Segmentation and expansion revenue are crucial, so you need to make sure you have a solid strategy in place.

  • First, focus on cross-selling. Existing happy customers always buy more during recessions, so think about other projects you could offer them in addition to what they’re buying now. If you don’t have cross-sells, consider creating a To add. Priority support is easy money!
  • Next, raise prices. If your Net Promoter Score (NPS) is above 20, increase prices starting in September (after balance sheet audits).
  • Evaluate the segments as soon as possible. As Mark Roberge, former chief revenue officer at HubSpot, recommends, pull your spending and/or sales from segments hard hit by the recession and build your pipeline in others.
  • In the same waylocalize to stronger economies: Make sure prices are region-specific and reflect how each market is affected by the recession.
  • To finish, halve discountsbecause most are probably already too high.
  1. Retention

Most people focus on acquisition, but success ultimately depends on how many of your customers you can retain. After all, there’s no point trying to pour water into a tub if you’ve never bothered to put a stopper on.
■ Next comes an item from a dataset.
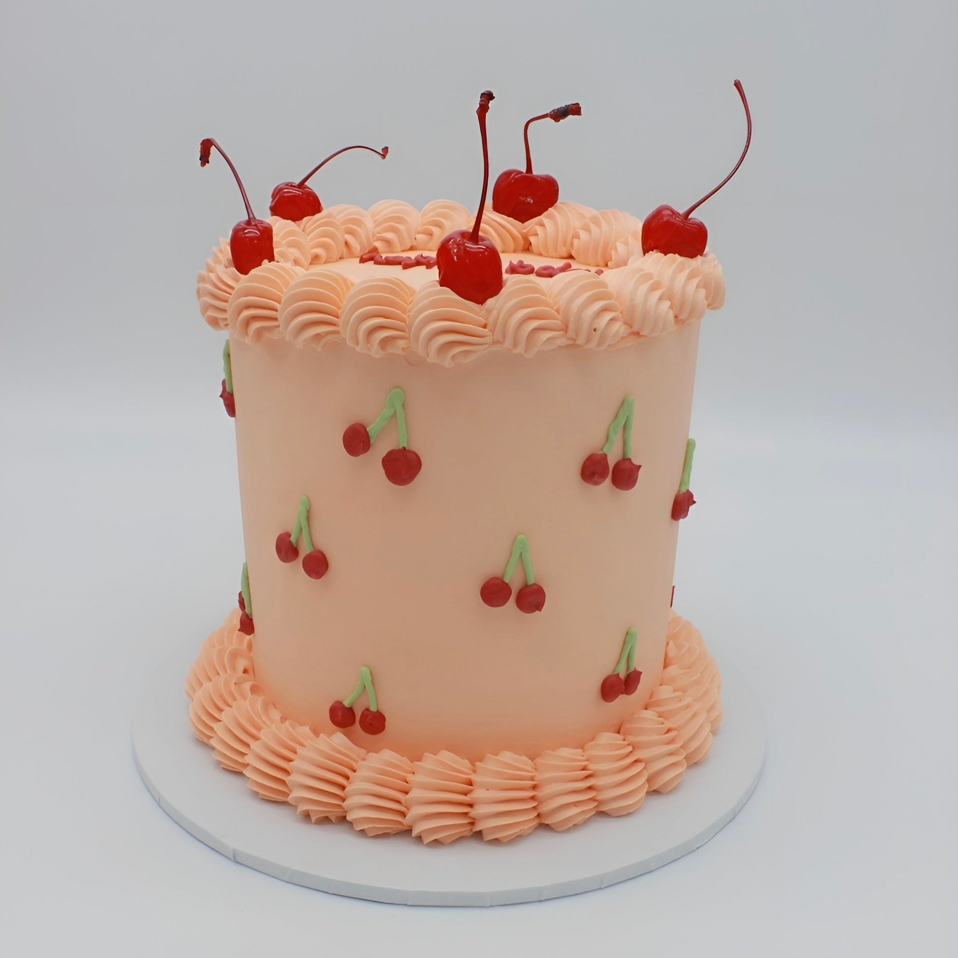 Hand piped mini cherries on the sides

From experience, here are four tips to reduce churn:

  • Back up credit card failures: Your collection rate is probably half of what it should be, so focus on collecting money and interest from overdue debts
  • Implement undo flows: Offer recovery offers and maintenance plans – anything that will make the customer think twice before clicking “cancel”
  • Optimization of terms: Offer a promotion to get monthly customers on quarterly or annual plans, reducing the “decision points” where they might think of leaving
  • Reactivation campaigns: Make sure to keep them running 60, 120 and 180 days after a customer cancels, and use small offers to keep them coming back

How can you prepare your SaaS business for the recession?

Start with survival, then focus on creating lifetime value. Strengthen the fundamentals to reduce churn, increase or stabilize revenue, and keep your head above water during the forecast recession.

Diamonds are made under pressure

There’s a reason people say great companies are created during a recession. If you follow the steps above to optimize your business, you will not only give yourself the best chance of survival, but you will emerge in the strongest possible position to become a market leader in the years to come.

Disney was founded in the midst of the Great Depression: the biggest recession America has ever seen. More recently, HubSpot and Salesforce are great examples to follow. During the pandemic, they focused on community, customer experience, and adding more value without increasing costs.

The guiding principle of these companies? “Whoever finishes with the most users will win.” This should be the mantra for all SaaS companies preparing for the next downturn.

Patrick Campbell is Chief Strategy Officer at Paddle and the founder and former CEO of ProfitWell, which was acquired by Paddle for $200 million. The data in this article is based on an analysis of over 23,000 subscription and software-as-a-service (SaaS) companies on the ProfitWell platform.